Setting up a usability test involves carefully creating a scenario, or realistic situation, wherein the user can perform a list of tasks using the product being tested while observers watch and take notes. Several other test instruments such as scripted instructions, paper prototypes, and pre- and post-test questionnaires are also used to gather user feedback on the product being tested. For example, if the aim is to test the attachment function of an e-mail program, the scenario would describe a situation where the user needs to send an e-mail attachment, and ask him or her to go through all the steps to perform this task. The aim is to observe users function in a realistic setting, performing realistic tasks, so that developers can see where they face problems, and what they like.

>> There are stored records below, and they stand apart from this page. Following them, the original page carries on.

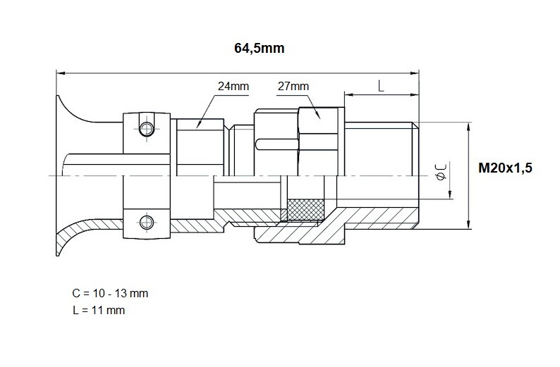 Poptat cenu: JACOB 22.616M20PA Kabelová průchodka M20x1,5 PA 11mm IP55 plast, šedá
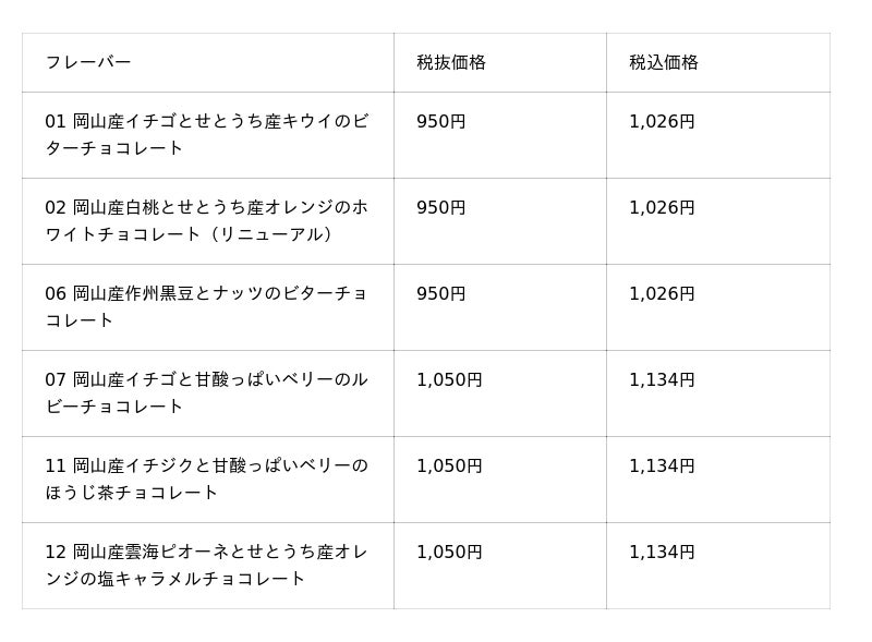 岡山県蒜山(ひるぜん)地域で丁寧につくられた「蒜山ショコラ」は、クリーミーなチョコレートの上に、せとうち産のドライフルーツや岡山産の食材を散りばめた贅沢なチョコレートです。2.販売開始日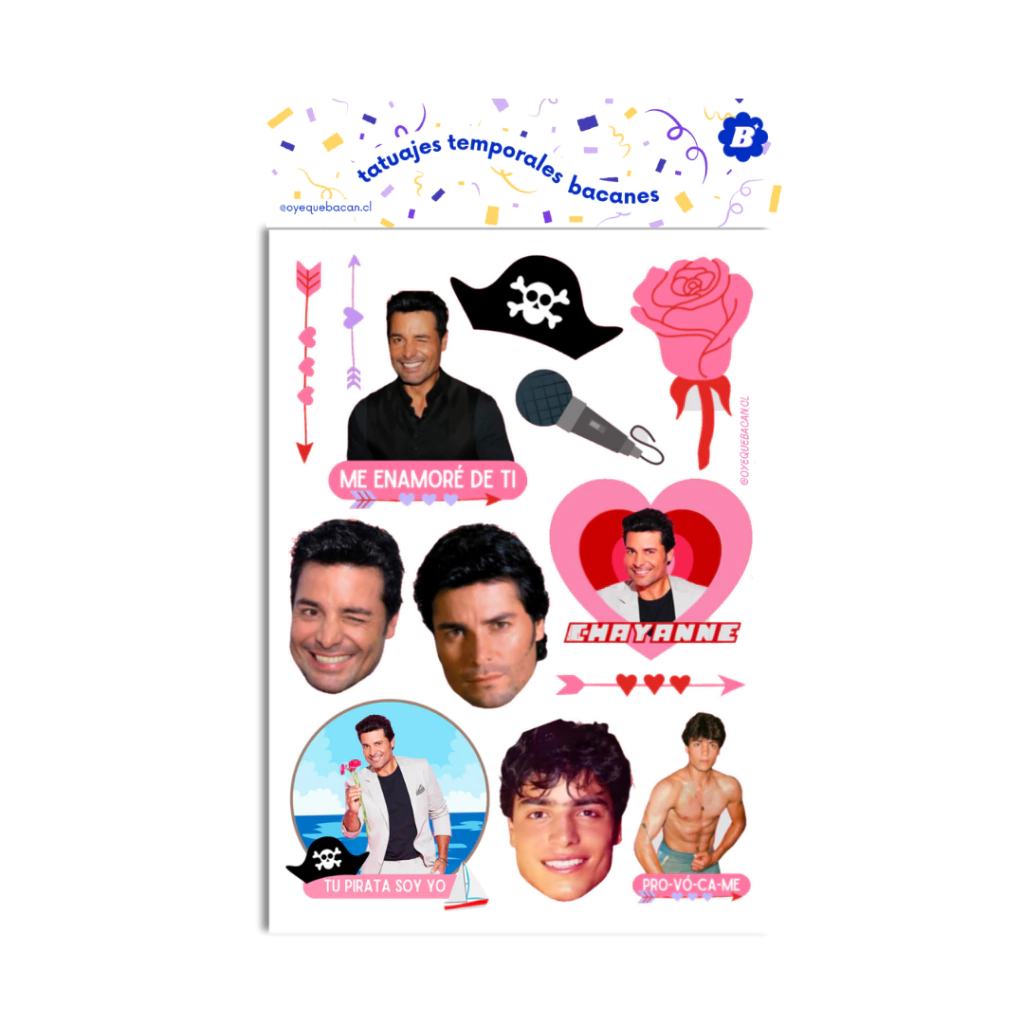 ¡Descubre el Set de tatuajes temporales Chayanne, con diseños únicos y divertidos que harán de tu celebración digna de recuerdo! Perfectos para cualquier ocasión y fáciles de colocar.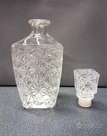 Elegante bottiglia in vetro per liquori. Può essere utilizzata anche come soprammobile e complemento d'arredo. La sigla EDG si riferisce al marchio di arredamento Enzo De Gasperi, che produce bottiglie in vetro decorative, come quelle da liquore. Articolo in buone condizioni esattamente come in foto. Senza confezione originale. Misure: Altezza con tappo: 24 cm circa Larghezza corpo della bottiglia: parte bassa 7 cm parte alta 9 cm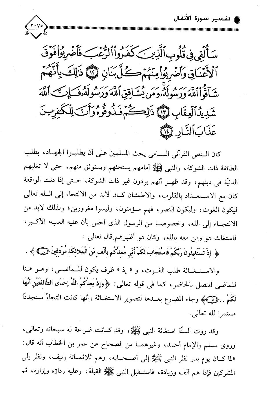 سَأُلْقِي فِي قُلُوبِ الَّذِينَ كَفَرُوا الرُّعْبَ فَاضْرِبُوا فَوْقَ الْأَعْنَاقِ وَاضْرِبُوا مِنْهُمْ كُلَّ بَنَانٍ (12) ذَلِكَ بِأَنَّهُمْ شَاقُّوا اللَّهَ وَرَسُولَهُ وَمَنْ يُشَاقِقِ اللَّهَ وَرَسُولَهُ فَإِنَّ اللَّهَ شَدِيدُ الْعِقَابِ (13) ذَلِكُمْ فَذُوقُوهُ وَأَنَّ لِلْكَافِرِينَ عَذَابَ النَّارِ (14)
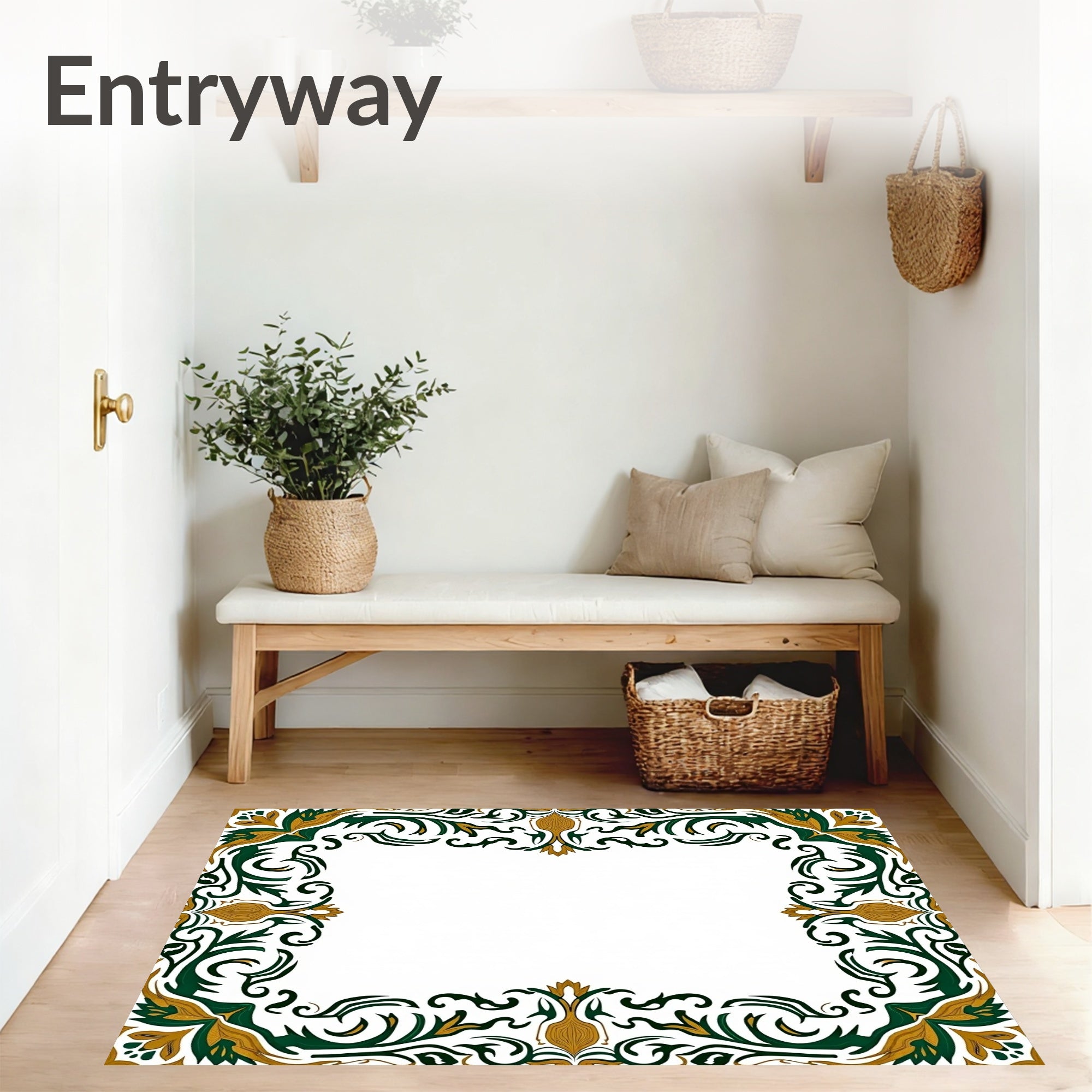 Flatwoven High Traffic Area Rug, Spring Meadow Fern Scrollwork with Floral Accents, Non Slip, Stain Resistant, Washable Area Rugs for Living Room, Bedroom (Green) Overview: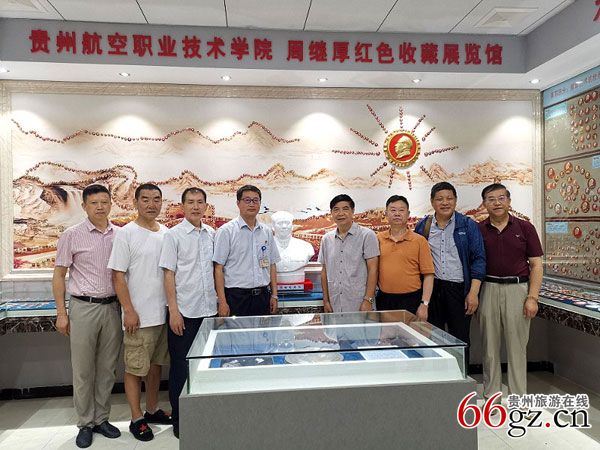 在收藏家周继厚的引导下,贵州省政协原副主席班程农、军品收藏家 都匀军分区原司令员罗燕军、警品收藏家 省公安厅原巡视员白平、贵州省电建二公司原党委书记,著名扑克牌收藏家陈祖万、中国名人馆馆长陈祖伟、贵州省农村开发扶贫促进会秘书长秦仁智等对贵州航空职业技术学院的红色收藏展览馆的藏品一一参观欣赏……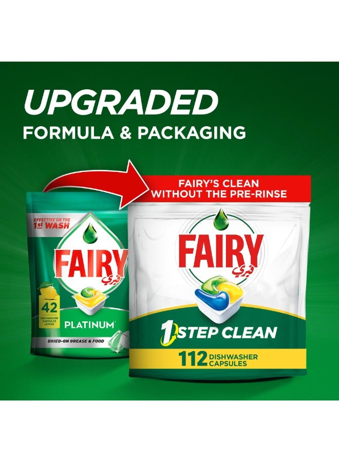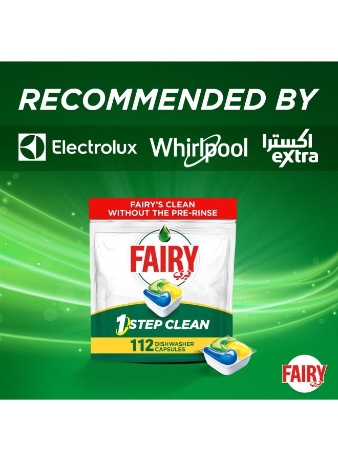 | What's In The Box | Fairy 1 Step Clean Automatic Dishwasher Tablets, Lemon Scent, 112 Tablets |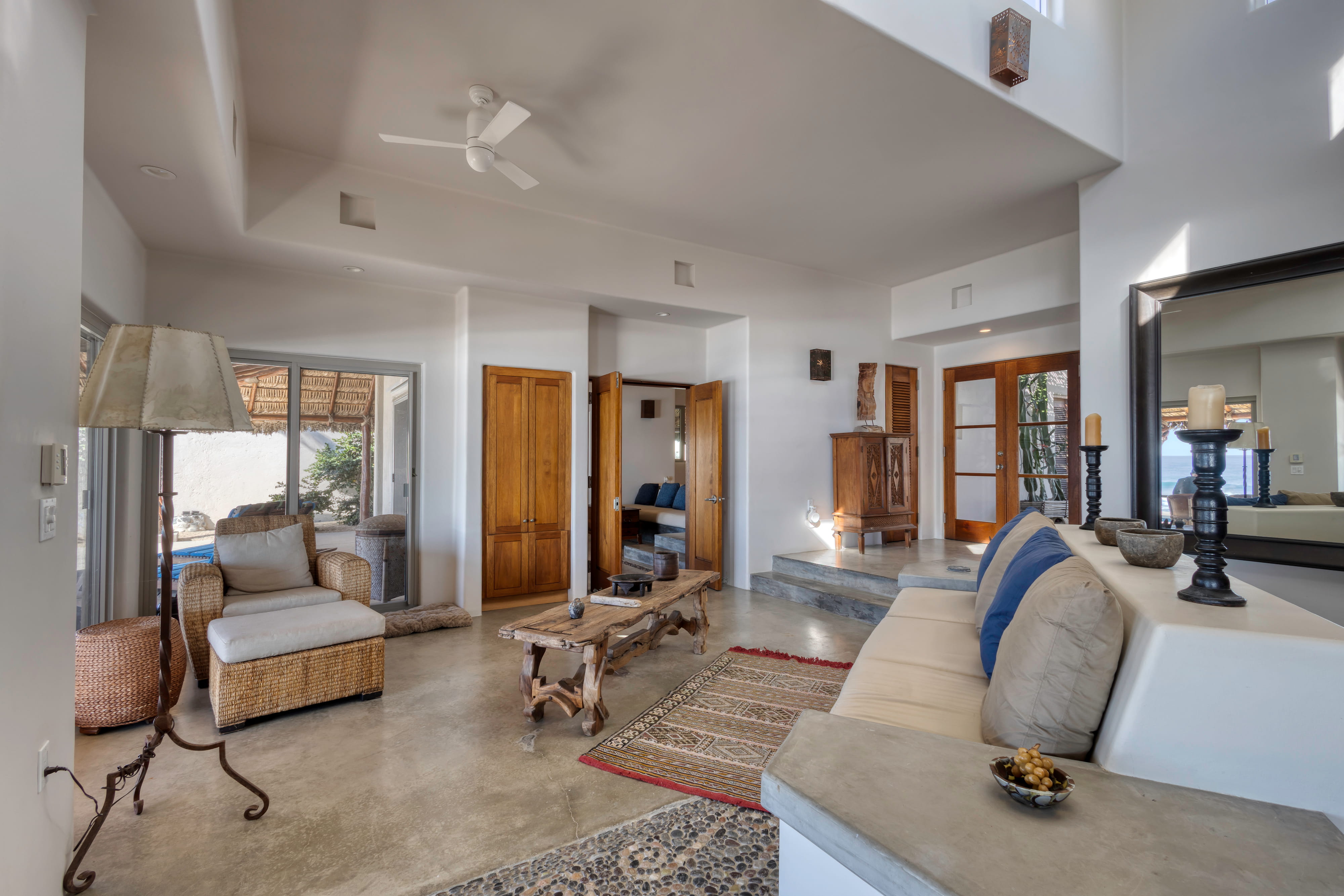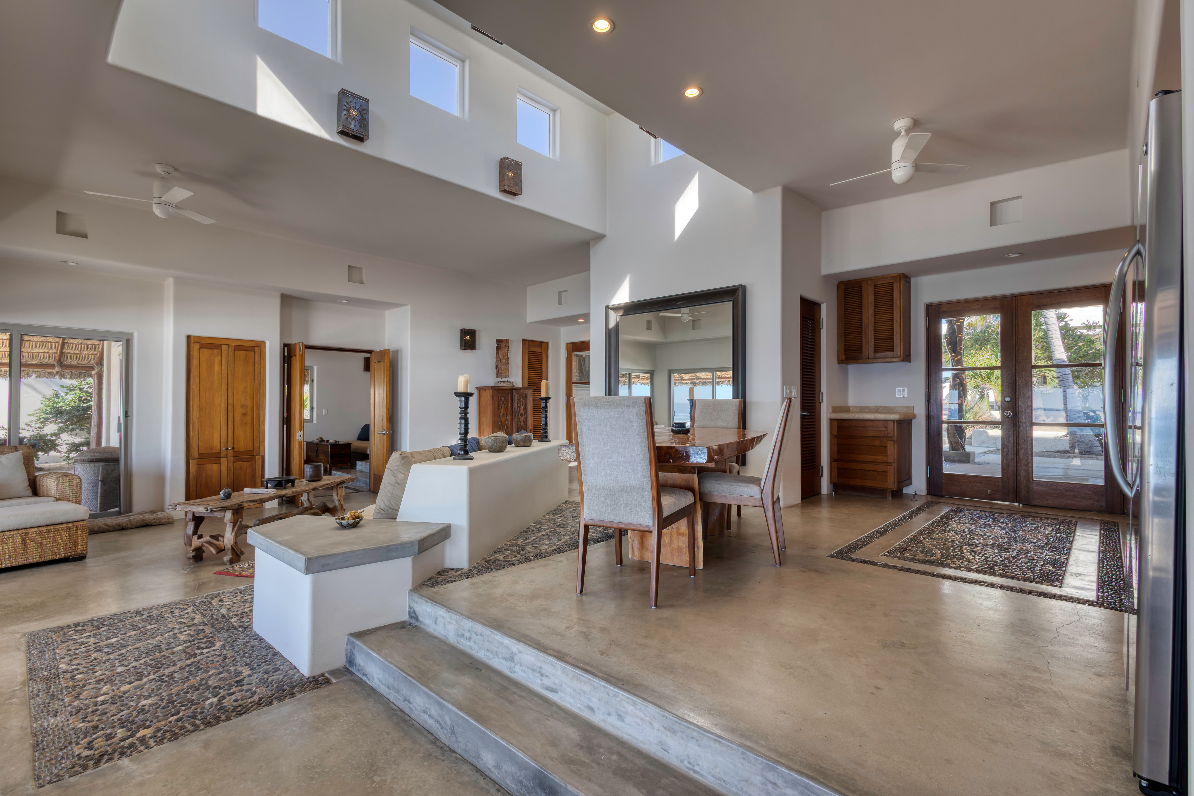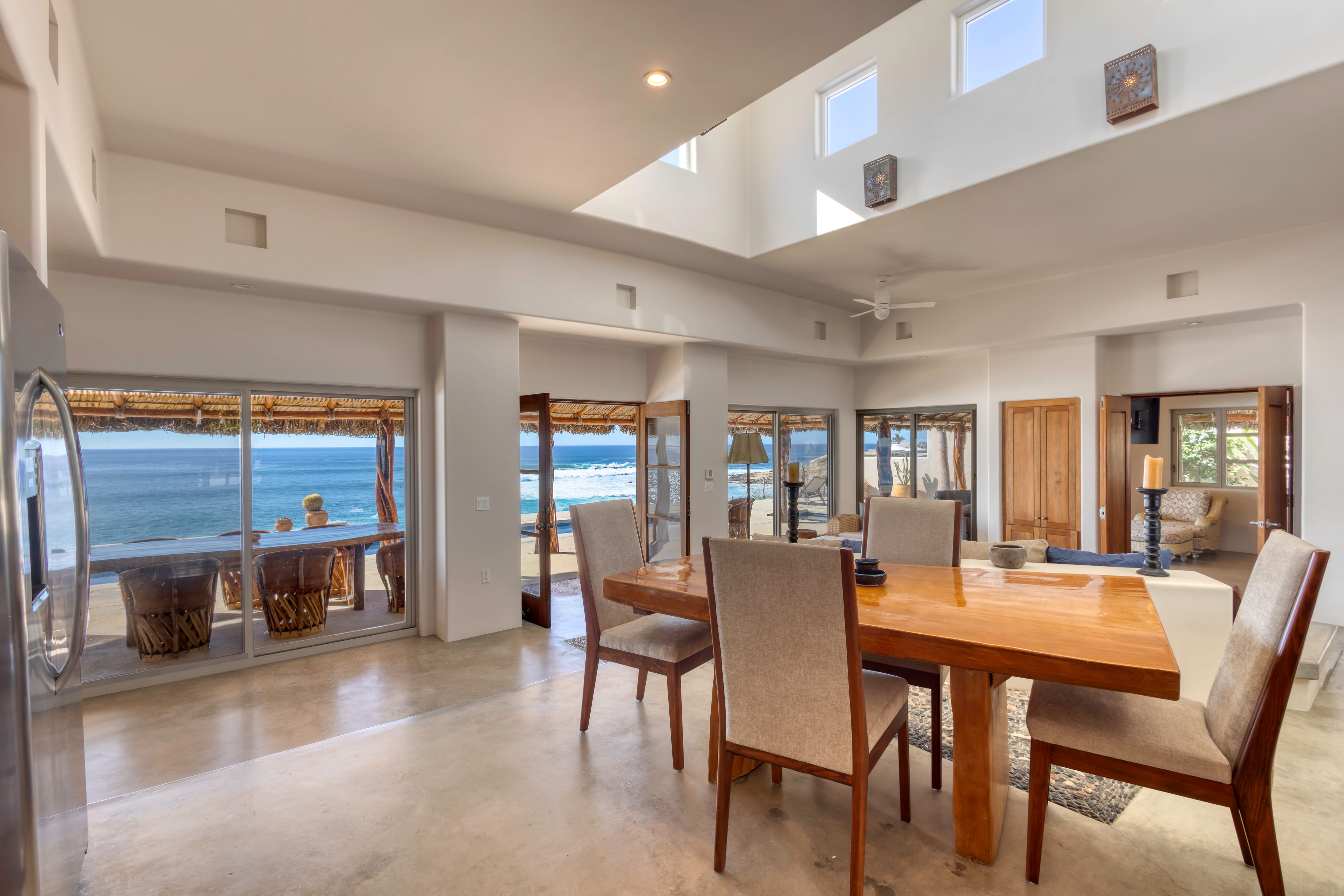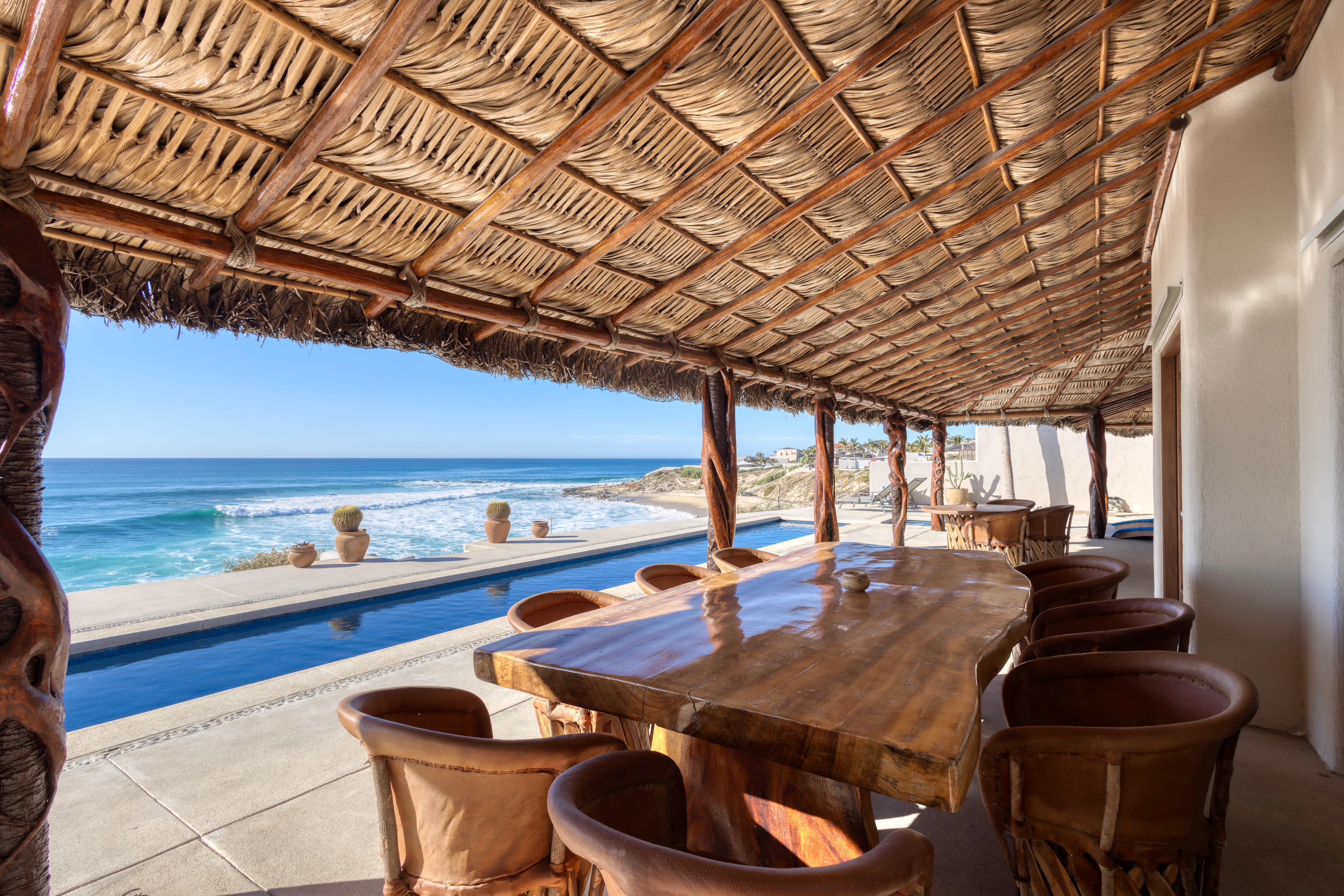 Located along the pristine beachfront of Zacatitos in the East Cape, this residence offers sweeping views of the Sea of Cortez and a peaceful setting along Baja’s untouched coastline. Set on a one-acre beachfront homesite, the property provides exceptional privacy and space. The home features four bedrooms, including three with ocean views, three and one-half bathrooms, and a dedicated office. A covered three-car garage and solar panels support a self-sufficient, off-grid lifestyle. Designed for indoor–outdoor living, the property includes a pool, jacuzzi, and grill area overlooking the sea, with additional space for a garden or orchard. An excellent opportunity to own a private beachfront residence in one of the East Cape’s most authentic coastal areas.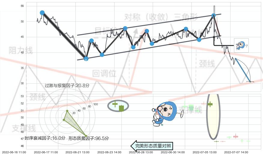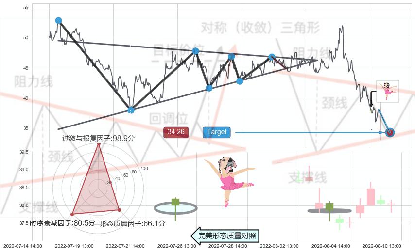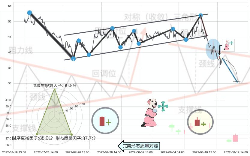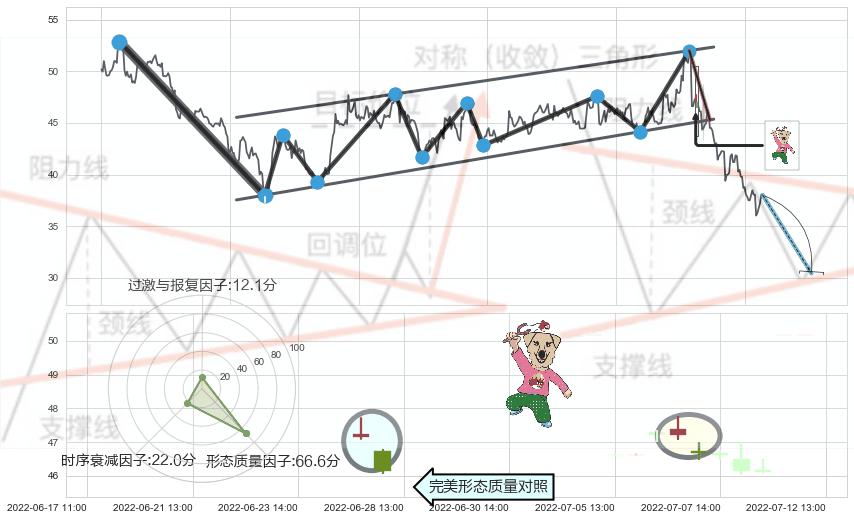 ➢ 下降【对称】三角形整理综合量化分数: 43.73 【偏空】

The technique popularly used to gather data during a usability test is called a talk aloud protocol.

What to Measure.

Usability testing generally involves measuring how well test subjects respond in four areas: time on task, accuracy, recall, and emotional response. The results of the first test are the baseline or control measurement; all subsequent tests are compared to the baseline.

Time on Task -- How long does it take users to complete a set of basic tasks? (For example, find something you want to buy, create a new user account, and order the item.)
Accuracy -- How many mistakes did users make? (Can the user correct these errors, if given the proper feedback, or are the errors fatal?)
Recall -- How much information does the user remember, after completing the assigned tasks?
Emotional Response -- How does the user feel about the tasks completed? (Confident? Stressed? Would the user recommend this system to a friend?)

In the late 1990s, Jakob Nielsen, at that time a researcher with Sun Microsystems, popularized the concept of using numerous small usability tests -- typically with only five test subjects each -- at various stages of the development process. His argument is that once you find out that two or three people were totally confused by the home page, you gain very little by watching a dozen more people suffer through the same flawed design. "Elaborate usability tests are a waste of resources. The best results come from testing no more than 5 users and running as many small tests as you can afford." 2 He subsequently published his research and coined the term heuristic evaluation.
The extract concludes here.